为了让你的爬虫在网络上更加隐蔽并避免被封禁或识别为爬虫行为，可以采取一些伪装措施。这些技术主要是模仿正常用户的行为，使爬虫看起来像一个真实的浏览器用户。以下是一些常见的伪装技巧：

1. 设置User-Agent

每个浏览器都会向服务器发送一个 User-Agent，用于告知服务器浏览器的类型。默认情况下，爬虫库（如requests）使用一个非常基础的 User-Agent，这会让网站轻松识别出爬虫。通过伪装 User-Agent，可以让爬虫看起来像是真实的浏览器用户。

代码示例：

import requests
from bs4 import BeautifulSoup

# 设置目标URL
url = "https://movie.douban.com/"

# 添加伪装的User-Agent头
headers = {
    'User-Agent': 'Mozilla/5.0 (Windows NT 10.0; Win64; x64) AppleWebKit/537.36 (KHTML, like Gecko) Chrome/58.0.3029.110 Safari/537.36'
}

# 发起GET请求并添加伪装的headers
response = requests.get(url, headers=headers)

if response.status_code == 200:
    soup = BeautifulSoup(response.text, 'html.parser')
    movies = soup.find_all('div', class_='browse-movie-bottom')

    for movie in movies:
        title = movie.find('a').get_text()
        link = movie.find('a')['href']
        print(f"Title: {title}, Link: {link}")
else:
    print(f"Failed to retrieve the webpage. Status code: {response.status_code}")

2. 使用代理

代理服务器可以隐藏你的真实IP地址，从而避免被目标网站封禁。你可以使用免费的或付费的代理。建议使用动态代理或轮换代理，以避免频繁使用同一IP导致封禁。

代码示例：

import requests
from bs4 import BeautifulSoup

url = "https://movie.douban.com/"
headers = {
    'User-Agent': 'Mozilla/5.0 (Windows NT 10.0; Win64; x64) AppleWebKit/537.36 (KHTML, like Gecko) Chrome/58.0.3029.110 Safari/537.36'
}

# 使用代理（这里需要替换为你找到的代理IP和端口）
proxies = {
    'http': 'http://your_proxy_ip:port',
    'https': 'https://your_proxy_ip:port',
}

# 发起带代理的请求
response = requests.get(url, headers=headers, proxies=proxies)

if response.status_code == 200:
    soup = BeautifulSoup(response.text, 'html.parser')
    movies = soup.find_all('div', class_='browse-movie-bottom')

    for movie in movies:
        title = movie.find('a').get_text()
        link = movie.find('a')['href']
        print(f"Title: {title}, Link: {link}")
else:
    print(f"Failed to retrieve the webpage.
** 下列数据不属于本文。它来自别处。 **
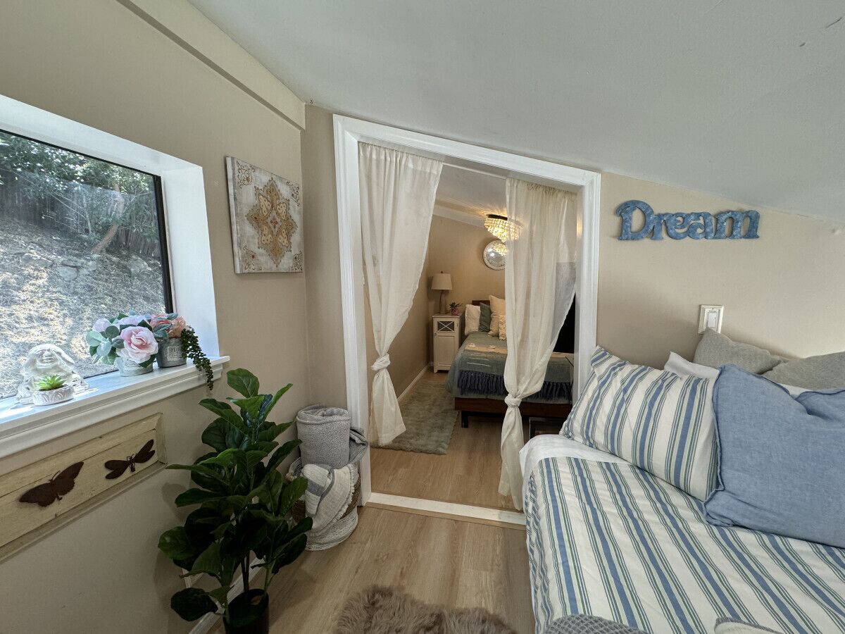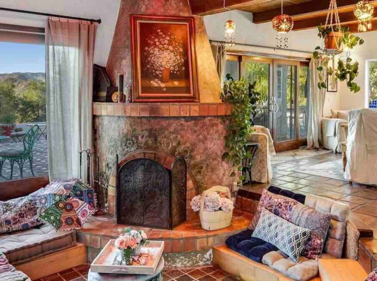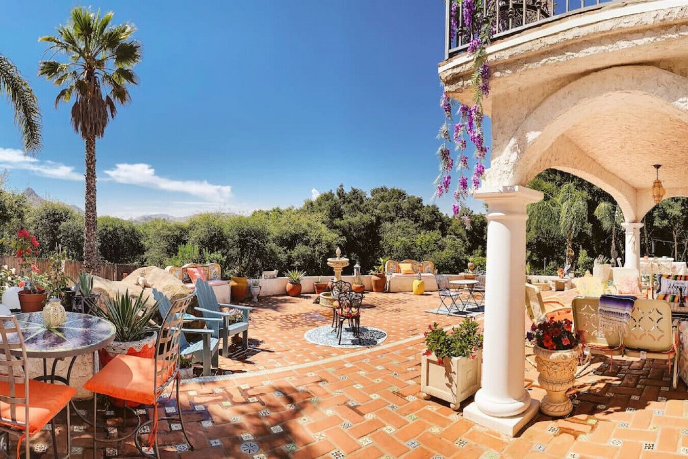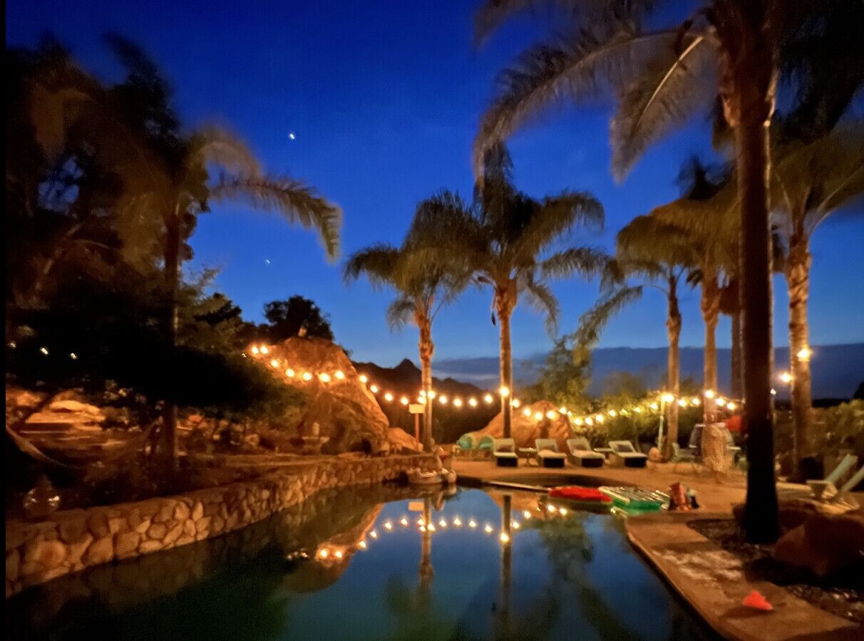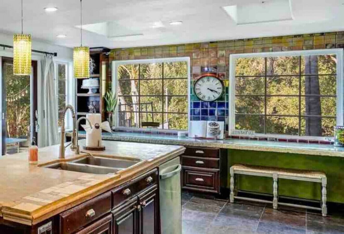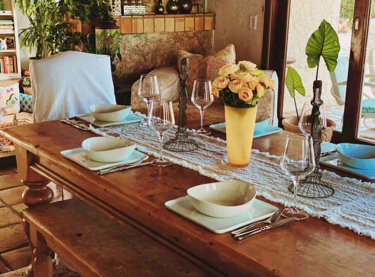 Private Compound Malibu Retreat Salt Pool Yoga The Malibu Retreat ‘s Main & Guest Houses are like staying at your own Private Resort with pool, Jacuzzi, Yoga Deck, Mediterranean Patios, Fire Pit, Ping Pong table & Glorious Mountain Views on 3 acres of beautiful land surrounded by peaceful nature. Property sleeps up to 23 & is great for families. Hiking trails, ocean breezes & legendary Saddle Peak Lodge in exclusive Monte Nido (home of the most influential families) adjacent to both Malibu & Calabasas. Relaxed Luxury with a Boho Chic vibe.The Award Winning Malibu Retreat includes BOTH the Main and Guest Houses on our 3 acre estate property for Vacations, Retreats, Productions, photo shoots, weddings & Exclusive Gatherings (all events on a case by case basis). Just send us the details of your dream plans & we'll give you the appropriate pricing. The Malibu Retreat provides about 5000 sq ft of indoor spaces on 3 acres of unparalleled magical sacred land. It feels which like a private resort for your family or friends to relax & retreat.The Main House is a cool Mediterranean style colorful, inspiring house w/:*4 large bedrooms* 3 full custom bathrooms (2 w/ heated Toto bidets), *2 balconies w/ views *3 real wood burning fireplaces, *A true “Conversation pit”*Gourmet, fully stocked kitchen w/ Viking double oven, food warmer & Sub Zero frig (plus a kitchenette in the GH)*Home Office w/ desks,Monitors, printer & 2 blazing fast Internet / WiFi’s *Indoor / outdoor living & dining rooms*Infinity Zen yoga deck w/ Yoga mats & blocks*Mediterranean patios w/ Positano Italy benches *Natural Bottom Heated Pool & Bubbling Jacuzzi (heat costs extra)*Natural Gas Fire pit*2 Stainless Steel BBQs* Pro Ping Pong Table* 7 New Smart TVs (w/ Netflix, Hulu, Amazon Prime, Showtime, HBO, Apple TV & Roku) * Lush Lawn w/ Hammocks* World-class Hiking Trails * Majestic California Oaks * Glorious Mountain Views* between Malibu’s famous Beaches & Calabasas in Exclusive neighborhood of Monte NidoMain House’s Gourmet custom kitchen:-Limestone Countertops, -Ann Sacks Handblown tiles -Viking double oven w/ 6 burner gas range & griddle-Viking food warmer-Sub-zero refrigerator-Retro stools for kitchen dining-large desk / buffet table-microwave -Toaster oven -multiple coffee pots -opens to Dining Room / Outdoor Living Room Conversation Pit Living room:-gathering place for everyone to gather w/a wood burning fireplacesZen Den: -Home Office w/ pottery barn desk w/ 2 monitors, wifi printer, docking station & office supplies. -yummy couch Primary Living room:-custom down couch -Sixpenny daybed -60 inch smart TV-wood burning fireplaceUpstairs Bedrooms in Main House:1) Shabby Chic Master: -private balcony w/ breathtaking views-Wood-burning fireplace-new king all organic mattress-mini frig-60 inch smart TV-ceiling fan w/colorful Hue lights -2 Shabby Chic Chairs-luxury sheets, pillows & down duvet Master ensuite bath:-tumbled Marble tiles-multi-jet rain shower shower w/ views -Toto bidet heated toilet -Kohler faucets-double vessel sinksAnthropologie Family Suite (sleeps 8 people… great kids room too!): -colorful artistic bedroom w/ 2 Queen beds, luxury sheets & down duvet -2 twin bunk beds in upstairs loft-smart TV-shared balcony-closet & bureau Santana Suite:-new king bed, luxury sheets & down duvet -new smart TV-desk & chair -Shared balconyShared upstairs bath w/ custom tiles, tub/shower & sinks w/ vanities both inside & outside of the bathroom Hawaiian Room (downstairs main house):-private patio -new Queen organic cooling mattress, luxury sheets & down duvet -closet & Bureau House of Blues bathroom (downstairs across the hall from Hawaiian bedroom) - cobalt blue wall vessel sink-tiled glass shower-heated bidet toilet seatAcross the driveway you’ll find the “Music Promoter Guest House”. There are Some dates where Guest House is booked or blocked. Please ASK when booking.Guest House details:1350 sq ft w/bedding for 9! -2 sides w/ open loft bedrooms-one w/ a queen bed -the other w/ 2 new twins, each w/ a trundle -3 more twins downstairs (1 with trundles) -Another living room, dining room, kitchenette & the property’s 4th bathroom. -2 flat screen Smart TVs -Harmon & Kardon 2 room, 4 speaker stereo w/ Bluetooth -Zen Soji screens-Gold & Platinum Records & autographed posters of Artists-Dining area -Retro Kitchenette (refrigerator & freezer, microwave, toaster oven & coffee maker). -Private Patio w/ propane BBQ grill w/ a burner, an outdoor dining table, seating area & utility sink - Leads to shared Pool & Jacuzzi areas -Designer bathroom has a showerOutdoor Pool Area:-35,000 gallon Natural Bottom Pool (which can be heated for extra)-Bubbling Jacuzzi (can be heated for extra) -Gas Fire Pit-Lounge Chairs & daybeds-Dining & Bistro seating -Hammocks-Natural Boulders, palm trees, mountain views -Multi-Level Mediterranean Patios, outdoor living room surrounded by stunning mountain views-handcrafted benches from Positano Italy-gas-fueled DCS BBQ-Protected oak grove -900 Sq Ft Zen Yoga Deck w/ Buddhas, Bamboo, Bougainvillea -Ping Pong table -7000 sq ft lush lawn -10,000 acres of parkland and hiking trails -upper and lower driveways for plenty of parking We DO host select gatherings, weddings, photo shoots, retreats & production locations for movies & music videos, but all of these types of bookings have different needs, parameters, rules, regulations & contracts. So if you’re planning for anything other than a vacation stay, feel free to reach out to us and include all of your needs & details outlined so we can give you the correct pricing to accommodate (if it’s possible). We are NOT a good fit for wild parties! We’re more like a quiet, beautiful, sanctuary.... For Liability Purposes, only registered guests are permitted on property at any time - so if you plan to have company, please include your guests in the total booking number. Important to know: We issue direct leases with our guests once you book here & we requ

Status code: {response.status_code}")

3. 随机化请求间隔

网站会监控过于频繁的请求来检测爬虫。通过在请求之间添加随机的时间间隔，模仿正常用户的行为，可以减少被封禁的风险。使用 time.sleep() 来实现延迟，并结合 random.uniform() 随机化等待时间。

代码示例：

import requests
from bs4 import BeautifulSoup
import time
import random

url = "https://movie.douban.com/"
headers = {
    'User-Agent': 'Mozilla/5.0 (Windows NT 10.0; Win64; x64) AppleWebKit/537.36 (KHTML, like Gecko) Chrome/58.0.3029.110 Safari/537.36'
}

response = requests.get(url, headers=headers)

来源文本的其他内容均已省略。